Sie dachten, sie wären an der Macht, aber sie sind nur an der Regierung…

Dokumentiert

Zur Innenpolitik von Rot-Grün
aus: Arbeiterpolitik, Nr. 4, November 1999

Nur wenige Monate nach der Bundestagswahl scheinen die Verhältnisse auf den Kopf gestellt zu sein: Lob und Anerkennung der Regierungspläne durch die Vertreter der Banken, der Industrie, des Mittelstandes. Die deutschen Unternehmer im Schulterschluß mit der sozialdemokratisch-grünen Regierung warnen die Unionsparteien vor sozialem Populismus und fordern sie auf, den Sparhaushalt von Eichel und die Rentenpläne Riesters zu unterstützen. …Besser als jedes Lehrbuch des Marxismus es vermag, haben die Ereignisse der letzten Monate die wirklichen Machtverhältnisse in der kapitalistischen Gesellschaft aufgezeigt.

…16 Jahre nach dem Scheitern der Regierung Schmidt gibt es in der SPD keinen nennenswerten Widerstand gegen den Kurs von Kanzler Schröder.
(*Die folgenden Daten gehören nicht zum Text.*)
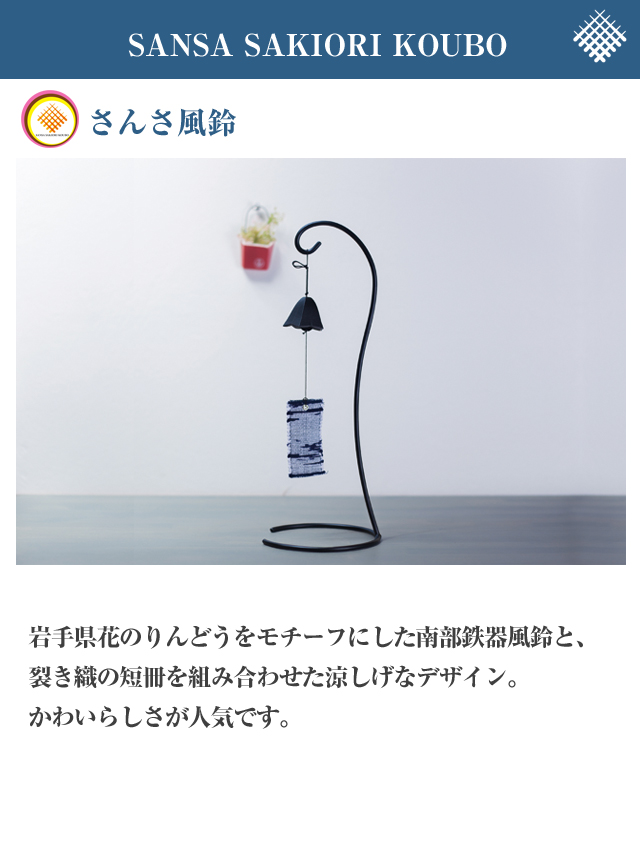 「盛岡さんさ踊り」の観る者を魅了するカラフルな浴衣は、企業や学校、有志のグループなどが、それぞれ趣向を凝らして作った揃いの浴衣。この「さんさ踊り」の浴衣生地と南部に伝わる「裂き織」の技術を融合させた「さんさ裂き織」を提案しています。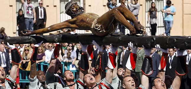 Pesan mucho los muertos, sobre las espaldas, pesa mucho la vida de tantos compañeros muertos. Levantan los legionarios sus brazos, al Cielo, con su Cristo valiente. Aquel que ha sentido una vez en sus manos temblar la

Die Sozialpolitiker sind an den Rand gedrängt, ihre Forderung, »die SPD müsse ihr soziales Gesicht wahren«, wird ein frommer Wunsch bleiben. Die sozialdemokratische Linke ist zur Bedeutungslosigkeit zusammengeschmolzen. Sie verfügt weder über eine politische Strategie noch wagt sie es, ihre Kritik am Regierungskurs in die Praxis umzusetzen. Bei den entscheidenden Abstimmungen beugt sie sich der Parteiräson.
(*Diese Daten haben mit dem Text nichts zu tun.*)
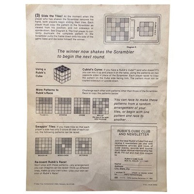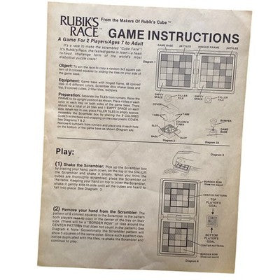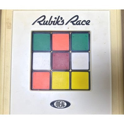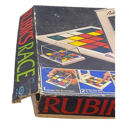 Keywords: Rubik's Race, Ideal Toys, Board Game, Puzzle Game, Vintage Game, Retro Game, Two Player Game, Family Game, Matching Game, Brain Teaser, Fastest Game, Rubik's Cube, Color Matching, Ages 7+, Tabletop Game
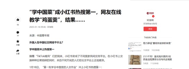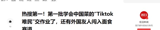 【1】极目新闻,2025-01-08,“热搜第一!第一批学会中国菜的“Tiktok难民”交作业了,还有外国友人闯入面食赛道”.

…Was in den 60er und 70er Jahren noch als selbstverständliches Instrument staatlicher Wirtschaftspolitik galt, wird heute als sozialistisches Marterwerkzeug gebrandmarkt. Wo die herrschende Klasse offener und rücksichtsloser auftreten kann, da ist die politische und ideologische Vernebelung in der alten Form nicht mehr nötig. Nach dem Fall der Mauer konnte die Modernisierung der SPD in rasantem Tempo vorangetrieben werden. Sozialdemokratische Vorstellungen und Forderungen wurden nach und nach über Bord geworfen, praktisch alles, was bei der Anpassung an die kapitalistischen Notwendigkeiten im Wege stand. Der Markt und die Herstellung der bestmöglichen Wettbewerbsbedingungen für die deutsche Wirtschaft wurden zur heiligen Kuh erklärt, der sich alle staatlichen Handlungen unterzuordnen haben. …Die SPD hat sich politisch den Ideologen des »Neoliberalismus« in der Union soweit angenähert, daß die Unterschiede zwischen den beiden Volksparteien kaum noch auszumachen sind.
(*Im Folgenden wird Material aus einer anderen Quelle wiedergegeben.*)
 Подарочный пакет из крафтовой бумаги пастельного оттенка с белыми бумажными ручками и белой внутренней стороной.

…Die rot-grüne Regierung versucht, auch in der Wirtschafts- und Sozialpolitik den Konsens mit den Unionsparteien und der FDP herzustellen. In den kommenden Jahren werden die wesentlichen Entscheidungen in einer unausgesprochenen, großen Koalition fallen, in der nur die PDS noch keinen Platz hat. Die SPD hat die Aufgabe übernommen, an der die CDU-FDP-Koalition zuletzt gescheitert war: die Einbindung der Gewerkschaften und der arbeitenden Bevölkerung durch das »Bündnis für Arbeit« in die große Koalition der staatstragenden Parteien und der Unternehmerverbände.

…Auch in und zwischen den Gewerkschaften wachsen die Widersprüche, werden die Fronten klarer. Viele, die trotz aller Kritik noch den politischen Vertreter der Gewerkschaften in der SPD gesehen haben, sind maßlos enttäuscht und desillusioniert. Innerhalb der zersplitterten Gewerkschaftslinken haben auf örtlicher und bundesweiter Ebene die ersten Treffen stattgefunden, auf denen über eine gemeinsame politische Grundlage gegen den Anpassungskurs diskutiert wurde. Die Frage, wollen wir zulassen, daß die Gewerkschaften auch in Zukunft als Anhängsel der Regierungspolitik sich den Interessen der Unternehmer beugen und wie die Lemminge der Sozialdemokratie in die Selbstaufgabe folgen, oder nehmen wir die politische Auseinandersetzung in und außerhalb der Gewerkschaften auf?